DATA TO PROCESS:
Content starts
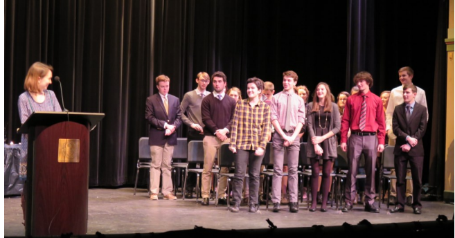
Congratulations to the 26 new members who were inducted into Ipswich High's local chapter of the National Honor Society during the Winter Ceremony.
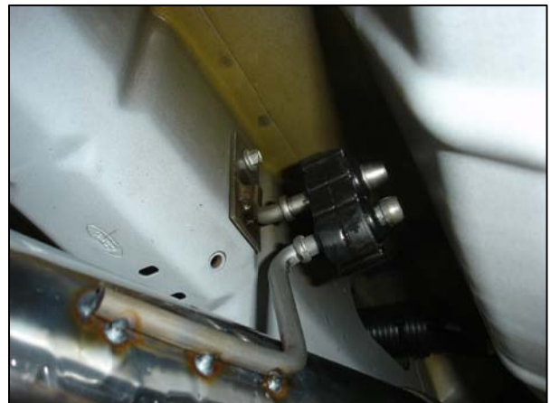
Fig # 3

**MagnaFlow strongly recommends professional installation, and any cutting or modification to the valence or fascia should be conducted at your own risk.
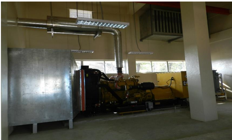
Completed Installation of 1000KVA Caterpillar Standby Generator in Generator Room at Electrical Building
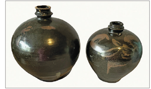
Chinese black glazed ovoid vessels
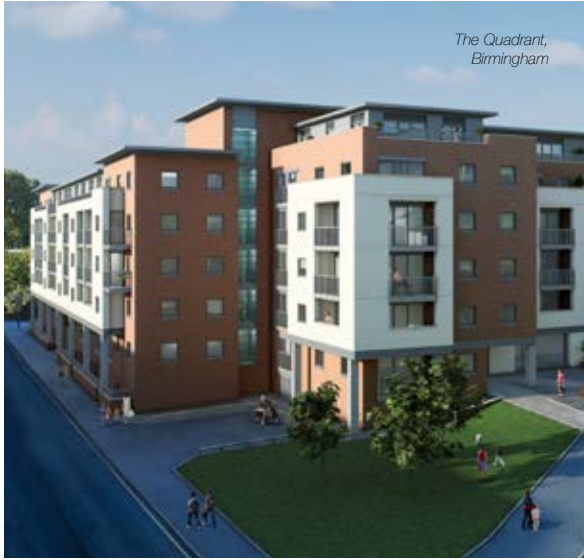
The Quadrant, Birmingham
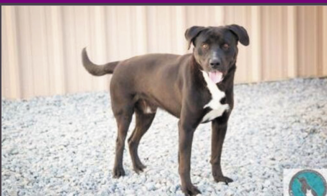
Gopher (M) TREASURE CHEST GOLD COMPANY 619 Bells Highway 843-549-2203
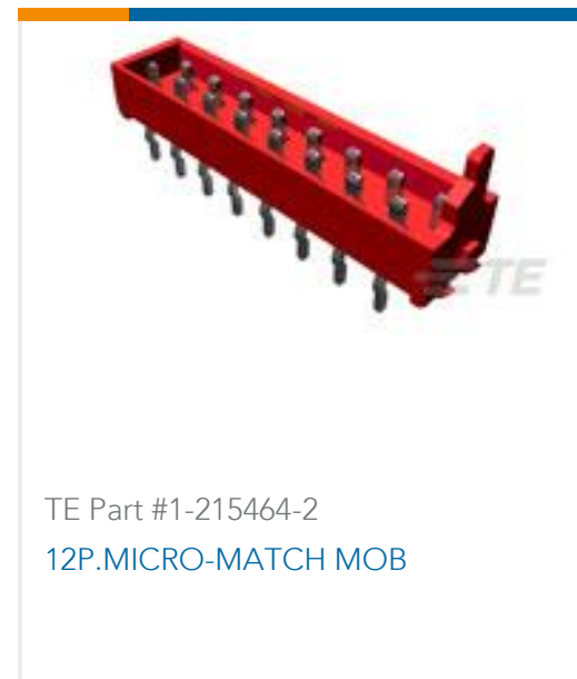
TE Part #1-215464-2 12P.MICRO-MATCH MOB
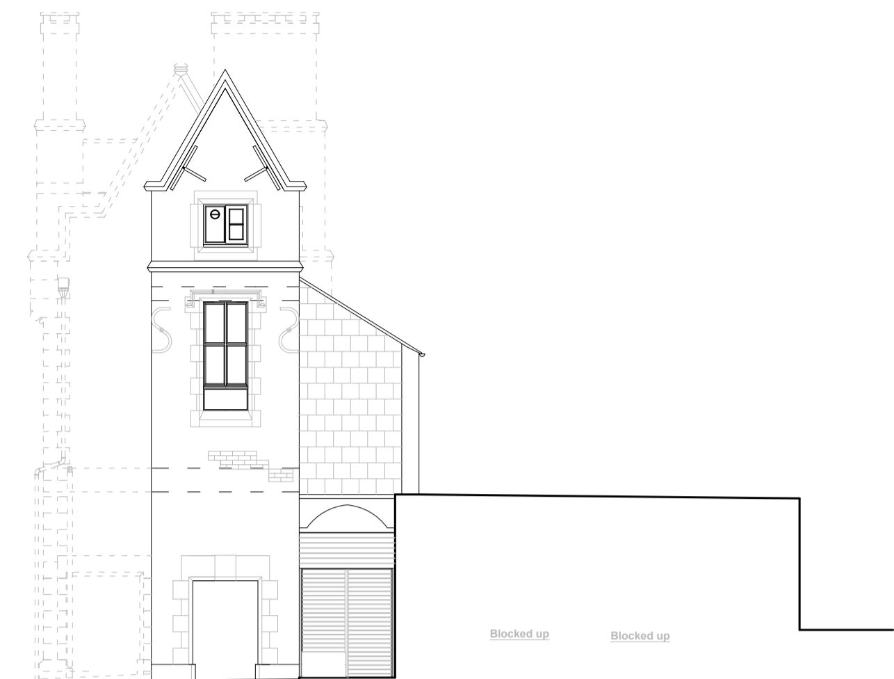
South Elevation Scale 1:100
Content ends
Content starts
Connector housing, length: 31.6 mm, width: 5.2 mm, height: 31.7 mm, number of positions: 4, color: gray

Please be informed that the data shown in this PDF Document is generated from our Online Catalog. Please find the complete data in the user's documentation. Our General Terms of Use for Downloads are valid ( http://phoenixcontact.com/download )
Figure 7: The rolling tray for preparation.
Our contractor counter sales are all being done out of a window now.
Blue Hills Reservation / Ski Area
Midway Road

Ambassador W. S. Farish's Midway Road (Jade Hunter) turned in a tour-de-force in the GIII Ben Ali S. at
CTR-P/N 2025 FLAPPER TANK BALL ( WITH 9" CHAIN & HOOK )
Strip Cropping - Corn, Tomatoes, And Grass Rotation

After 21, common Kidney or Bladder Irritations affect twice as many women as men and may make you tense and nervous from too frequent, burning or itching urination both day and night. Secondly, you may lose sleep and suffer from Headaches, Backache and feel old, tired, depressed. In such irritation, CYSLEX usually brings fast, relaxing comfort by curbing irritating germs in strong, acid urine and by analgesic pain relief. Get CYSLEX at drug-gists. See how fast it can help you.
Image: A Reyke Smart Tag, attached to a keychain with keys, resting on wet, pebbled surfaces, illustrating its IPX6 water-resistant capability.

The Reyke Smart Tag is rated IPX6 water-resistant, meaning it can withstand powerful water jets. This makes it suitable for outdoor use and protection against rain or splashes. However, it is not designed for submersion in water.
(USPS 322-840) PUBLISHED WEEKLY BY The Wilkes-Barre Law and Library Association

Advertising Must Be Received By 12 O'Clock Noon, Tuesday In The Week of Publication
Content ends
Content starts
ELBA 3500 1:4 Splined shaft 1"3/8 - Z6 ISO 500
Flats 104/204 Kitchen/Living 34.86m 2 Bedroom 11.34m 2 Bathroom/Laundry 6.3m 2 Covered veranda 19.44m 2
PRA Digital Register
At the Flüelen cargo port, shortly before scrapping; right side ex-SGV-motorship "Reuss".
Content ends
WHAT TO WORK ON:
Taking the entries above, write out exactly each line from the one holding "Our contractor counter" to the one holding "Advertising Must Be", both included, and stop there.

TASK ANSWER:
Our contractor counter sales are all being done out of a window now.
Blue Hills Reservation / Ski Area
Midway Road

Ambassador W. S. Farish's Midway Road (Jade Hunter) turned in a tour-de-force in the GIII Ben Ali S. at
CTR-P/N 2025 FLAPPER TANK BALL ( WITH 9" CHAIN & HOOK )
Strip Cropping - Corn, Tomatoes, And Grass Rotation

After 21, common Kidney or Bladder Irritations affect twice as many women as men and may make you tense and nervous from too frequent, burning or itching urination both day and night. Secondly, you may lose sleep and suffer from Headaches, Backache and feel old, tired, depressed. In such irritation, CYSLEX usually brings fast, relaxing comfort by curbing irritating germs in strong, acid urine and by analgesic pain relief. Get CYSLEX at drug-gists. See how fast it can help you.
Image: A Reyke Smart Tag, attached to a keychain with keys, resting on wet, pebbled surfaces, illustrating its IPX6 water-resistant capability.

The Reyke Smart Tag is rated IPX6 water-resistant, meaning it can withstand powerful water jets. This makes it suitable for outdoor use and protection against rain or splashes. However, it is not designed for submersion in water.
(USPS 322-840) PUBLISHED WEEKLY BY The Wilkes-Barre Law and Library Association

Advertising Must Be Received By 12 O'Clock Noon, Tuesday In The Week of Publication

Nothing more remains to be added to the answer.